Spring AI Guide for Enterprise Java: ChatClient, RAG, Tool Calling, and Agent Development - Devuly | Smart Analytics for Developers & Projects

Table of Contents

[AI Readability Summary]

Spring AI gives Java teams a unified way to build AI applications on top of the Spring ecosystem. Instead of wiring model APIs, vector databases, memory, and external tools separately, you use a consistent programming model across them all. This significantly reduces integration cost when you need model portability, Retrieval-Augmented Generation (RAG), tool execution, and agent-style orchestration in enterprise systems.
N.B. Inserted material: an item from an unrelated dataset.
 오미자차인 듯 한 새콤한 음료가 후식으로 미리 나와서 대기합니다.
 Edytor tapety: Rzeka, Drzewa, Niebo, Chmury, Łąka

Technical Specification Snapshot

Parameter	Description
Core Language	Java 17+
Framework Foundation	Spring Boot
Primary Protocols / Interfaces	HTTP API, SSE, MCP
Model Integrations	OpenAI, DashScope, Ollama, and more
Vector Capabilities	PGVector, Milvus, Redis, Chroma
Core Dependencies	`spring-ai-bom`, `ChatClient`, `VectorStore`
Repository Popularity	Star count not provided in the source

Spring AI has become the unified entry point for Java developers building AI applications.

Spring AI is not a single SDK. It is an AI development framework that extends the familiar Spring style. It abstracts model invocation, prompt construction, conversation memory, vector retrieval, and tool execution behind a consistent set of interfaces.

This abstraction solves the most common enterprise pain points: model vendors change frequently, business systems already run on the Spring stack, and AI capabilities must integrate deeply with databases and APIs. Developers only need to learn one programming model.

Spring AI’s capability matrix covers the mainstream enterprise delivery scenarios.

It supports chat completion, embeddings, multimodal workflows, function calling, vector databases, and MCP integration. For Java teams, that means moving from “connecting a model” to “building a complete AI system.”

Capability	Typical Use Cases	Representative Implementations
Chat	Q&A, generation, summarization	OpenAI, Qwen, Claude
Embedding	Retrieval, recall, clustering	OpenAI, DashScope
RAG	Enterprise knowledge base Q&A	PGVector, Milvus
Tool Calling	Invoke external APIs	`@Tool`
Multimodal	Image understanding	GPT-4o, Qwen-VL
Agent	Multi-step decision making	ReactAgent, Graph

Environment setup should start with dependency management and model configuration.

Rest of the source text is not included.